Issue #23

Welcome to LLVM GPU News, a bi-weekly newsletter on all the GPU things under the LLVM umbrella. This issue covers the period from October 29 to November 11 2021.

We welcome your feedback and suggestions. Let us know if we missed anything interesting, or want us to bring attention to your (sub)project, revisions under review, or proposals. Please see the bottom of the page for details on how to submit suggestions and contribute.

Industry News and Conferences

2021 LLVM Developers’ Meeting is on November 17-19. The agenda features a number of GPU-related sessions:
- LTO and JIT Support in LLVM OpenMP Target Offloading (Thursday)
- OpenCL support in clang status: OpenCL C 3.0, improvements and future directions (Thursday)
- Late Divergence Analysis (Thursday)
- SPIR-V support in LLVM and Clang (Friday)
- Optimizing OpenMP GPU Execution in LLVM (Friday)

LLVM and Clang

Discussions

Johannes Doerfert is gathering feedback on starting a ‘GPU working group’ which would focus on ‘development of GPU-specific optimizations, organization of driver and backend code, dealing with issues like convergent functions,’ etc. The thread received a number of positive replies with some ideas for additional topics of interest.

Commits

Two new architectures, spirv32 and spirv64, were ported from the LLVM SPIR-V backend Khronos repository. This initially reuses the target information and code generation from the existing SPIR support. D109144
The latest supported CUDA version was bumped to 11.5. D113249
Debug locations will not be added to code inside AMDGPU function prologue as it is entirely compiler-generated.
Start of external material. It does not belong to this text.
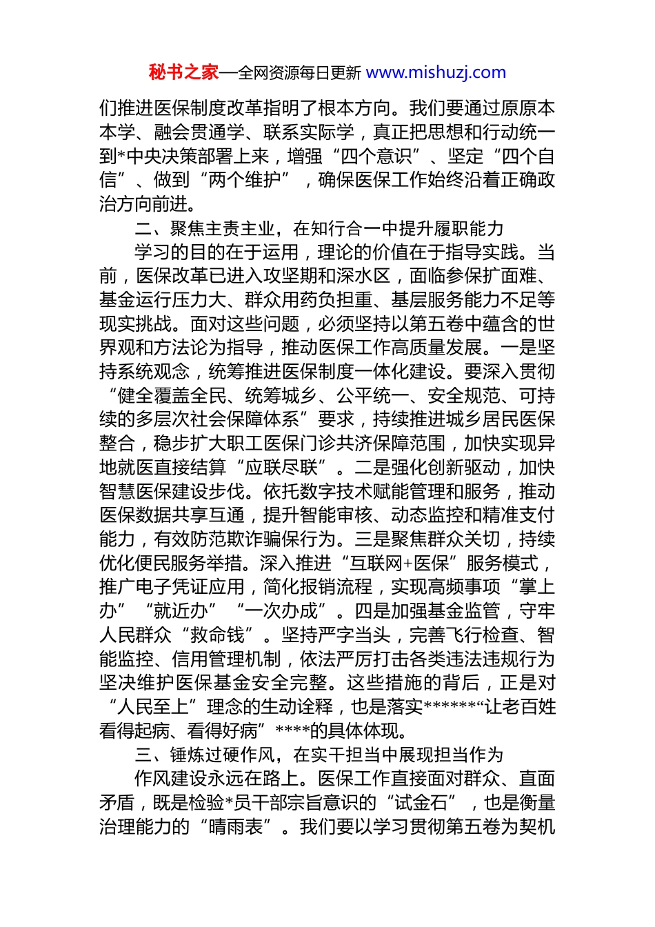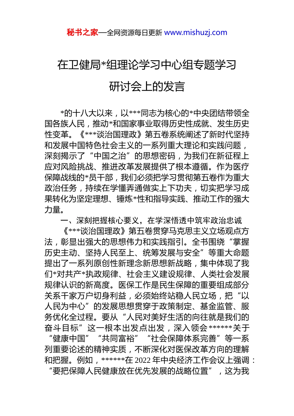 秘书之家—全网资源每日更新 www.mishuzj.com在卫健局*组理论学习中心组专题学习研讨会上的发言*的十八大以来,以***同志为核心的*中央团结带领全国各族人民,推动*和国家事业取得历史性成就、发生历史性变革。《***谈治国理政》第五卷系统阐述了新时代坚持和发展中国特色社会主义的一系列重大理论和实践问题,深刻揭示了“中国之治”的思想密码,为我们在新征程上应对风险挑战、推进改革发展提供了根本遵循。作为医疗保障战线的*员干部,我们必须把学习贯彻第五卷作为重大政治任务,持续在学懂弄通做实上下功夫,切实把学习成果转化为坚定理想、锤炼*性和指导实践、推动工作的强大力量。一、深刻把握核心要义,在学深悟透中筑牢政治忠诚《***谈治国理政》第五卷贯穿马克思主义立场观点方法,彰显出强大的思想伟力和实践指引。全书围绕“掌握历史主动、坚持人民至上、统筹发展与安全”等重大命题提出了一系列原创性新理念新思想新战略,集中体现了我们*对共产*执政规律、社会主义建设规律、人类社会发展规律认识的新高度。医保工作是民生保障的重要组成部分关系千家万户切身利益,必须始终站稳人民立场,把“以人民为中心”的发展思想贯穿于政策制定、基金监管、服务优化全过程。要从“人民对美好生活的向往就是我们的奋斗目标”这一根本出发点出发,深入领会 ******关于“健康中国”“共同富裕”“社会保障体系完善”等一系列重要论述的精神实质,不断深化对医保改革方向的理解和把握。例如,******在 2022 年中央经济工作会议上强调:“要把保障人民健康放在优先发展的战略位置”,这为我秘书之家—全网资源每日更新 www.mishuzj.com们推进医保制度改革指明了根本方向。我们要通过原原本本学、融会贯通学、联系实际学,真正把思想和行动统一到*中央决策部署上来,增强“四个意识”、坚定“四个自信”、做到“两个维护”,确保医保工作始终沿着正确政治方向前进。二、聚焦主责主业,在知行合一中提升履职能力学习的目的在于运用,理论的价值在于指导实践。当前,医保改革已进入攻坚期和深水区,面临参保扩面难、基金运行压力大、群众用药负担重、基层服务能力不足等现实挑战。面对这些问题,必须坚持以第五卷中蕴含的世界观和方法论为指导,推动医保工作高质量发展。一是坚持系统观念,统筹推进医保制度一体化建设。要深入贯彻“健全覆盖全民、统筹城乡、公平统一、安全规范、可持续的多层次社会保障体系”要求,持续推进城乡居民医保整合,稳步扩大职工医保门诊共济保障范围,加快实现异地就医直接结算“应联尽联”。二是强化创新驱动,加快智慧医保建设步伐。依托数字技术赋能管理和服务,推动医保数据共享互通,提升智能审核、动态监控和精准支付能力,有效防范欺诈骗保行为。三是聚焦群众关切,持续优化便民服务举措。深入推进“互联网+医保”服务模式,推广电子凭证应用,简化报销流程,实现高频事项“掌上办”“就近办”“一次办成”。四是加强基金监管,守牢人民群众“救命钱”。坚持严字当头,完善飞行检查、智能监控、信用管理机制,依法严厉打击各类违法违规行为坚决维护医保基金安全完整。这些措施的背后,正是对“人民至上”理念的生动诠释,也是落实******“让老百姓看得起病、看得好病”****的具体体现。三、锤炼过硬作风,在实干担当中展现担当作为作风建设永远在路上。医保工作直接面对群众、直面矛盾,既是检验*员干部宗旨意识的“试金石”,也是衡量治理能力的“晴雨表”。我们要以学习贯彻第五卷为契机秘书之家—全网资源每日更新 www.mishuzj.com大力弘扬求真务实、真抓实干的工作作风,坚决反对形式主义、官僚主义。一是在调查研究上下功夫。坚持“四不两直”工作法,深入医院、药店、社区一线,听真话、察实情,了解群众真实诉求,找准政策落地的“最后一公里”堵点难点。二是在破解难题上见真章。针对部分地方存在“有药无价”“报销周期长”等问题,要敢于动真碰硬,主动协调卫健、药监等部门协同发力,推动药品集采常态化、制度化,缩短报销审批时限,让群众办事更顺心三是在服务群众上求实效。持续开展“我为群众办实事”实践活动,建立“群众点...

D113100
The AMDGPU_Gfx calling convention now defines s[4:29] SGPR registers as callee-saved. D111637
CUDA landed support for assumptions predicates for pointer address spaces, e.g., __builtin_assume(__isGlobal(p)). These predicates are portable across Clang and NVCC. D112041
Special NVPTX registers were marked as reserved to avoid machine verifier errors. D113008

MLIR

Discussions

Commits

SPIR-V to LLVM conversion now supports shufflevector with static indices. D112161
arith.bitcast, std.br, and std.cond_br to SPIR-V conversions were added. D112819

OpenMP (Target Offloading)

Discussions

Commits

External Compilers

LLPC

Middle-end now supports the New Pass Manager but still default to the Legacy Pass Manager. LLPC#1459

oneAPI DPC++

CUDA/HIP support

Added initial support for the Tensorcore matrix extension.
CUDA and HIP plugins were renamed to align with the SYCL 2020 specification.
Fixed preprocessor-only compilation mode for the NVPTX target.

SYCL 2020 support

Implemented property traits.
Fixed interoperability kernel API returning invalid kernel bundle.
Improved performance of sycl::queue::submit() for commands without dependencies.

Non-standard extensions

Fixed a bug in SVM gather/scatter emulation on host for ESIMD extension.
Implemented no_offset compile-time accessor property.
Enhanced matrix extension specification with JIT support for AMX and DPAS ISA.
The SPV_INTEL_hw_thread_queries extension support was enabled by default.

Misc

Release notes for September were published.